Kid Rock may be a prominent Donald Trump fan, but when it comes to ticket touting he’s happy to swerve away from not one but two of Trump’s key political beliefs: that regulation is bad and European governments are stupid.
Because, when it comes to secondary ticketing, Kid Rock wants American lawmakers to implement European style regulation, mainly by introducing a price cap on the resale of tickets.
“In parts of Europe, resale ticket prices are capped”, the musician told senators in US Congress yesterday, adding, “it seems to be working”. Confirming his support for a 10% price cap within the US, so that touts - or scalpers - could only resell tickets at a price 10% higher than face value, he insisted “resale ticket price caps work and protect real fans”.
Ticket touting rules vary greatly around Europe, but in some countries the resale of tickets is indeed regulated, with either price caps, or rules that outright ban for-profit and/or unapproved touting.
Kid Rock was speaking before the Senate Commerce Committee yesterday at a session putting the spotlight on all things ticketing. Needless to say, the role and dominance of Live Nation and its Ticketmaster business, in both primary and secondary ticketing, was a big part of that conversation. And Live Nation’s EVP of Corporate And Regulatory Affairs, Dan Wall, also spoke.

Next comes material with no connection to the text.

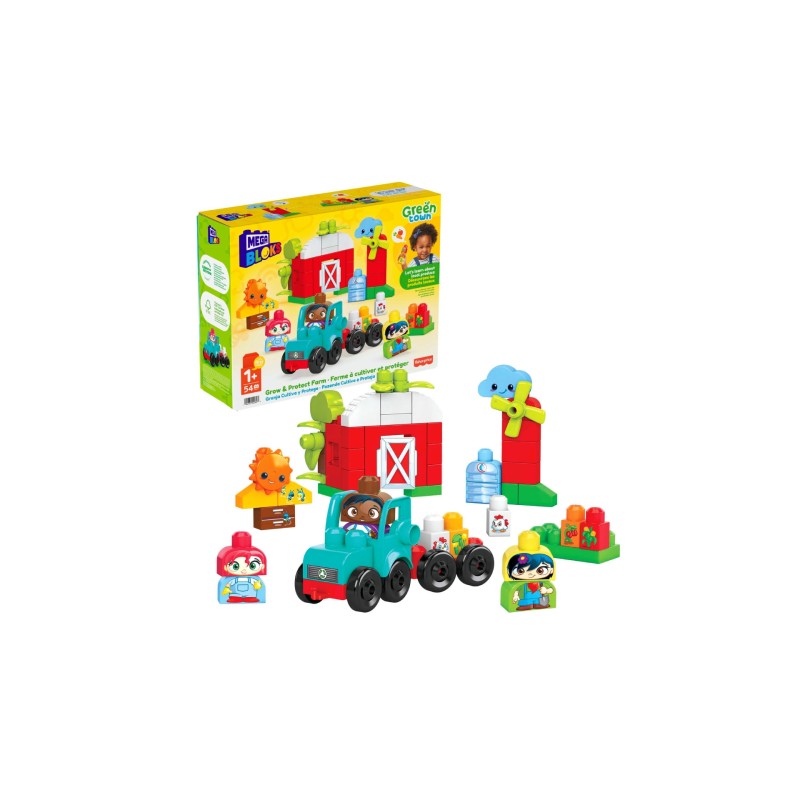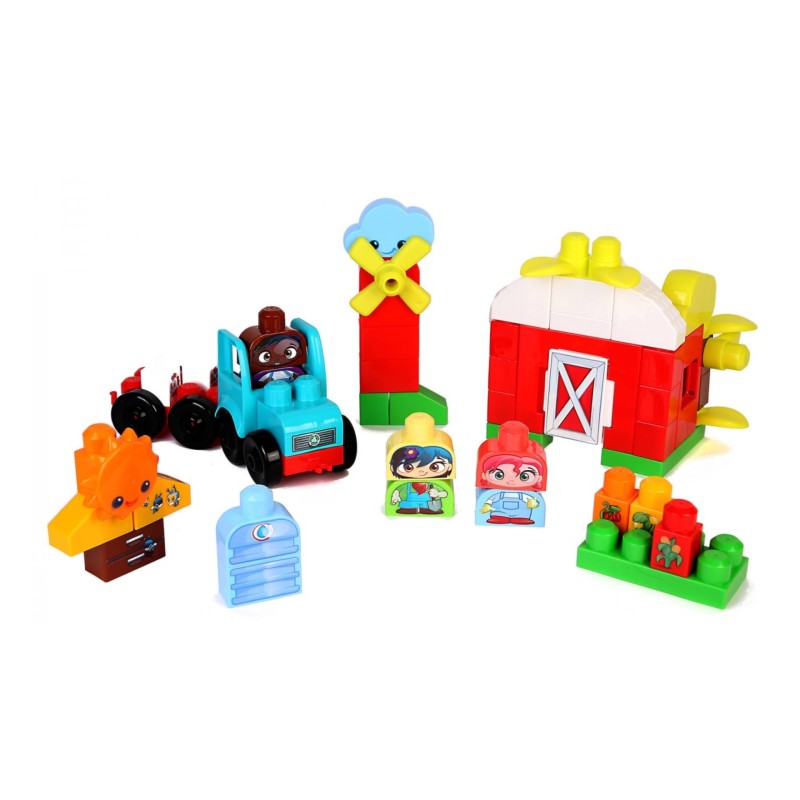 Cei mici pot construi un tractor rulant, un hambar, culturi, un stup de albine, o moară de vânt care se rotește și 3 personaje. Micuțul tău poate chiar să amestece și să asorteze cele 3 personaje construibile.

Ticketmaster remained much more involved in secondary ticketing in the US market even after it shut down its standalone ticket resale sites in Europe back in 2018. However, despite that fact, Live Nation has still supported the introduction of more ticket touting regulation in the US in more recent years, even advocating for a resale price cap since 2024.
Wall reiterated that support for more resale regulation yesterday. He told senators that the ticket resale market “cries out for reform”, and “we need clear, legally enforceable rules that put the content creators - artists, teams, etc - in charge of what happens to the tickets to their events”. And those rules should be US-wide, he added, to end the current system where what the law says differs from state to state.
The Live Nation EVP also ran senators through the various ways that the live giant has tried to crackdown on bad conduct in the resale market, in particular by battling the bots touts use to buy up tickets to in-demand shows. And, unsurprisingly, Wall pushed back strongly against the lawsuit filed by the Federal Trade Commission last year that claims Live Nation has, in fact, colluded with the touts.
But none of that stopped the live giant and its ticketing subsidiary from getting quite a bit of criticism during the Senate session, from both senators and industry representatives, and from Mr Kid Rock.
Although he acknowledged that Live Nation does now support a ticket resale price cap, the musician added, “Where I’m confused is, I don’t think Ticketmaster needs a law passed to do this?” Which is true. While UK lawmakers are only now planning on introducing a new law prohibiting for-profit resale, on Ticketmaster’s UK platform tickets can already only be resold at face value plus admin fee.
The fact that Live Nation supports a price cap in the US but hasn’t voluntarily put one in place on its own platform, Kid Rock added, “proves these companies have been reactive, not proactive”. Therefore Congress should introduce a new price-cap rule to which Live Nation can react.